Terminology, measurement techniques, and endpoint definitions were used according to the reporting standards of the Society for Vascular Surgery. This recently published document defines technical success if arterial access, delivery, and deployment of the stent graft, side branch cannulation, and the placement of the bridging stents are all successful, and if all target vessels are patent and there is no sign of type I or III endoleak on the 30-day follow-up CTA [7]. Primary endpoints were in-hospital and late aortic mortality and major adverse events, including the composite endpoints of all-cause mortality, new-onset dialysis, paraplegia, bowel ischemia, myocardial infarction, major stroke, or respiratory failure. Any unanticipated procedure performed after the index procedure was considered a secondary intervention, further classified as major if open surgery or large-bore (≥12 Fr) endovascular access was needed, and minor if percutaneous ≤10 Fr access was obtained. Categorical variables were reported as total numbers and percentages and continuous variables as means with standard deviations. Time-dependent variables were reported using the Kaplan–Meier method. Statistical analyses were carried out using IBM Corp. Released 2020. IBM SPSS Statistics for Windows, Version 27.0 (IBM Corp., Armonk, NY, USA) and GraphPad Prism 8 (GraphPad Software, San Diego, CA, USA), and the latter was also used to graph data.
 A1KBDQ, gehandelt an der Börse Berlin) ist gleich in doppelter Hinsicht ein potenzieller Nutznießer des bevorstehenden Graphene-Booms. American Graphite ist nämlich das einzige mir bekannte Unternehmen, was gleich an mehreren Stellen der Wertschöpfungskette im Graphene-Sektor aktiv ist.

==

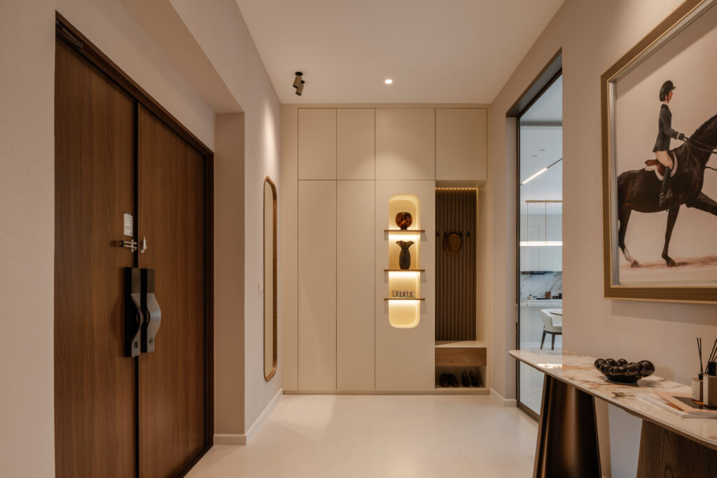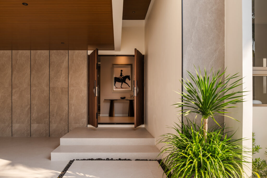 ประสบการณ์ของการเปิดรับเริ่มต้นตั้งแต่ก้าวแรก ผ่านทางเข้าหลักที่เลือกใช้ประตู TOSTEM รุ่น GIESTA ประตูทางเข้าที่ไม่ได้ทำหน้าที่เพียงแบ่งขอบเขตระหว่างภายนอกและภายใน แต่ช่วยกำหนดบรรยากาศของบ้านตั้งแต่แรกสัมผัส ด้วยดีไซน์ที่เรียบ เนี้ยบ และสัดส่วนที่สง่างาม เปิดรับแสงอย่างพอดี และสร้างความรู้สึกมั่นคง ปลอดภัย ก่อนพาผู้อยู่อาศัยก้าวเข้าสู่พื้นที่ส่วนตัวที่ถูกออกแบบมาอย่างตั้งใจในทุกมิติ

▸ **Exercise description**: From the records above, print only the lines between the one holding "Terminology, measurement techniques, and" and the one holding "A1KBDQ, gehandelt an", inclusive, exactly as they stand.

▸ **Task result**:
Terminology, measurement techniques, and endpoint definitions were used according to the reporting standards of the Society for Vascular Surgery. This recently published document defines technical success if arterial access, delivery, and deployment of the stent graft, side branch cannulation, and the placement of the bridging stents are all successful, and if all target vessels are patent and there is no sign of type I or III endoleak on the 30-day follow-up CTA [7]. Primary endpoints were in-hospital and late aortic mortality and major adverse events, including the composite endpoints of all-cause mortality, new-onset dialysis, paraplegia, bowel ischemia, myocardial infarction, major stroke, or respiratory failure. Any unanticipated procedure performed after the index procedure was considered a secondary intervention, further classified as major if open surgery or large-bore (≥12 Fr) endovascular access was needed, and minor if percutaneous ≤10 Fr access was obtained. Categorical variables were reported as total numbers and percentages and continuous variables as means with standard deviations. Time-dependent variables were reported using the Kaplan–Meier method. Statistical analyses were carried out using IBM Corp. Released 2020. IBM SPSS Statistics for Windows, Version 27.0 (IBM Corp., Armonk, NY, USA) and GraphPad Prism 8 (GraphPad Software, San Diego, CA, USA), and the latter was also used to graph data.
 A1KBDQ, gehandelt an der Börse Berlin) ist gleich in doppelter Hinsicht ein potenzieller Nutznießer des bevorstehenden Graphene-Booms. American Graphite ist nämlich das einzige mir bekannte Unternehmen, was gleich an mehreren Stellen der Wertschöpfungskette im Graphene-Sektor aktiv ist.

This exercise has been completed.